Saved entries
BEGIN
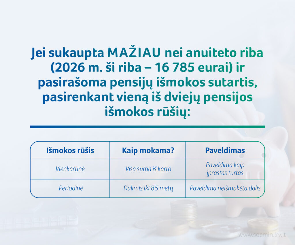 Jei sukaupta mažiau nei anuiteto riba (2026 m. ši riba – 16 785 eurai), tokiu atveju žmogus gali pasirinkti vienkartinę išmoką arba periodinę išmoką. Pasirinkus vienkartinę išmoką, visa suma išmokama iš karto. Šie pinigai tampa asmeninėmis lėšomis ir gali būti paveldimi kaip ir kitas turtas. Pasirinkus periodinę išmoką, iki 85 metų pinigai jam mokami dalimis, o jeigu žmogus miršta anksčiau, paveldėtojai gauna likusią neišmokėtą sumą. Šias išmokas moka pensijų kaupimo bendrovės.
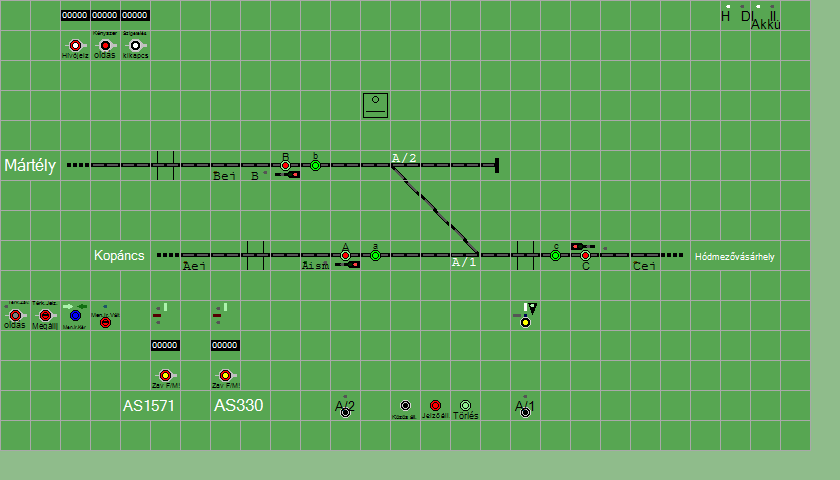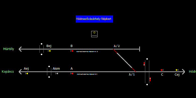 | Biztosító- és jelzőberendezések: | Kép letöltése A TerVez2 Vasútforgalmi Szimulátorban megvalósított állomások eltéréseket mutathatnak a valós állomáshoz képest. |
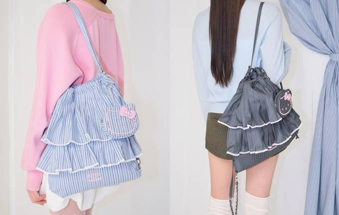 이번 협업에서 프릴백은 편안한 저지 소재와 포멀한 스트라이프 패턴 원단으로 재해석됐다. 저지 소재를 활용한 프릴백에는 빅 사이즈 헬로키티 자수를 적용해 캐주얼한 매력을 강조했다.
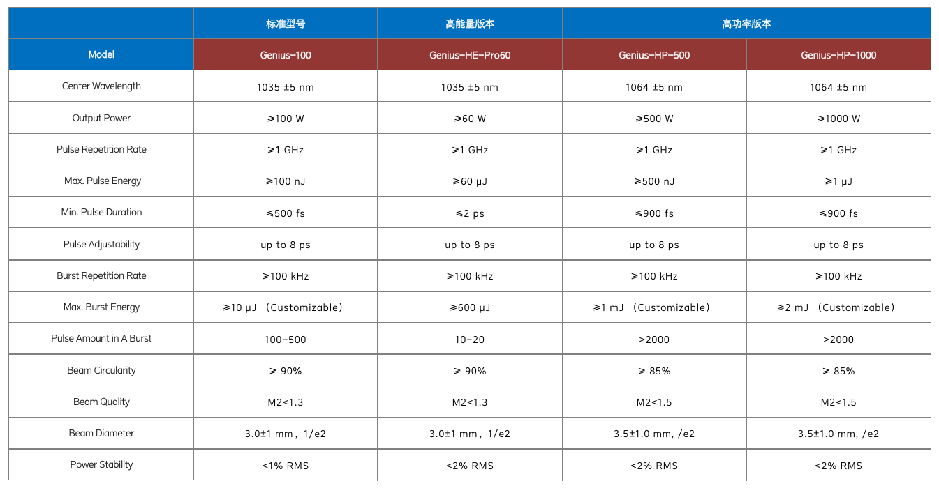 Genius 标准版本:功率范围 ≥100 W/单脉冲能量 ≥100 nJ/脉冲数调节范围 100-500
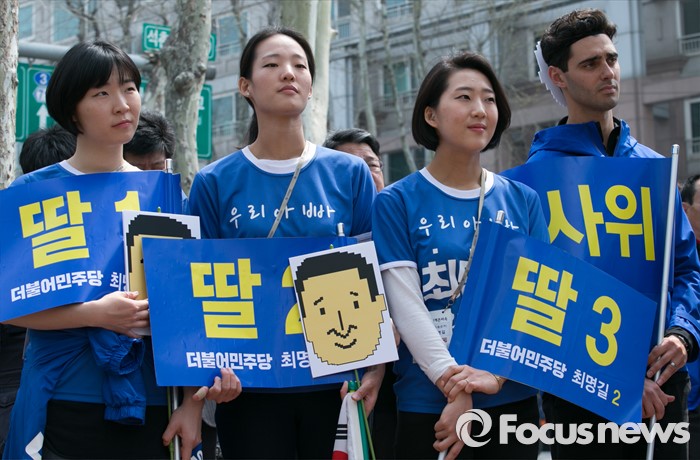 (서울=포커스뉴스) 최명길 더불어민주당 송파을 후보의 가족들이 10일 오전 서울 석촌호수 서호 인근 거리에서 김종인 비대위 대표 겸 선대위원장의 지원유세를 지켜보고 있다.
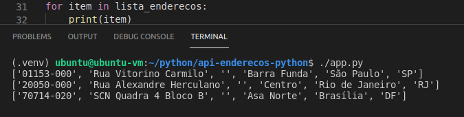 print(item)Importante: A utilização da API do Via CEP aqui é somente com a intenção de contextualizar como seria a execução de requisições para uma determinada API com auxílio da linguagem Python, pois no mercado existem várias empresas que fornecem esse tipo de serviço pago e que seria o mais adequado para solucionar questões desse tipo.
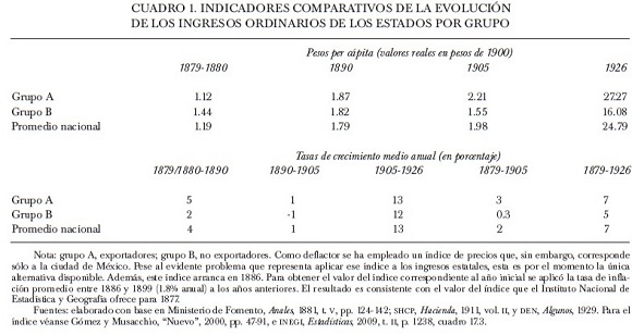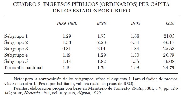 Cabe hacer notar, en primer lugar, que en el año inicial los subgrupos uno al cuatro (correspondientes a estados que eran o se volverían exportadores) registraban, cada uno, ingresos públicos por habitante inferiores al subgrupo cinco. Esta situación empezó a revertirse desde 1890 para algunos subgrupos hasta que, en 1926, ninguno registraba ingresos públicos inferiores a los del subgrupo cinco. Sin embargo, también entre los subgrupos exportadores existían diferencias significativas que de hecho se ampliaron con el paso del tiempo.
END
Task goal
All entries must be output unchanged, with every picture omitted.

Your solution
 Jei sukaupta mažiau nei anuiteto riba (2026 m. ši riba – 16 785 eurai), tokiu atveju žmogus gali pasirinkti vienkartinę išmoką arba periodinę išmoką. Pasirinkus vienkartinę išmoką, visa suma išmokama iš karto. Šie pinigai tampa asmeninėmis lėšomis ir gali būti paveldimi kaip ir kitas turtas. Pasirinkus periodinę išmoką, iki 85 metų pinigai jam mokami dalimis, o jeigu žmogus miršta anksčiau, paveldėtojai gauna likusią neišmokėtą sumą. Šias išmokas moka pensijų kaupimo bendrovės.
 | Biztosító- és jelzőberendezések: | Kép letöltése A TerVez2 Vasútforgalmi Szimulátorban megvalósított állomások eltéréseket mutathatnak a valós állomáshoz képest. |
 이번 협업에서 프릴백은 편안한 저지 소재와 포멀한 스트라이프 패턴 원단으로 재해석됐다. 저지 소재를 활용한 프릴백에는 빅 사이즈 헬로키티 자수를 적용해 캐주얼한 매력을 강조했다.
 Genius 标准版本:功率范围 ≥100 W/单脉冲能量 ≥100 nJ/脉冲数调节范围 100-500
 (서울=포커스뉴스) 최명길 더불어민주당 송파을 후보의 가족들이 10일 오전 서울 석촌호수 서호 인근 거리에서 김종인 비대위 대표 겸 선대위원장의 지원유세를 지켜보고 있다.
 print(item)Importante: A utilização da API do Via CEP aqui é somente com a intenção de contextualizar como seria a execução de requisições para uma determinada API com auxílio da linguagem Python, pois no mercado existem várias empresas que fornecem esse tipo de serviço pago e que seria o mais adequado para solucionar questões desse tipo.
 Cabe hacer notar, en primer lugar, que en el año inicial los subgrupos uno al cuatro (correspondientes a estados que eran o se volverían exportadores) registraban, cada uno, ingresos públicos por habitante inferiores al subgrupo cinco. Esta situación empezó a revertirse desde 1890 para algunos subgrupos hasta que, en 1926, ninguno registraba ingresos públicos inferiores a los del subgrupo cinco. Sin embargo, también entre los subgrupos exportadores existían diferencias significativas que de hecho se ampliaron con el paso del tiempo.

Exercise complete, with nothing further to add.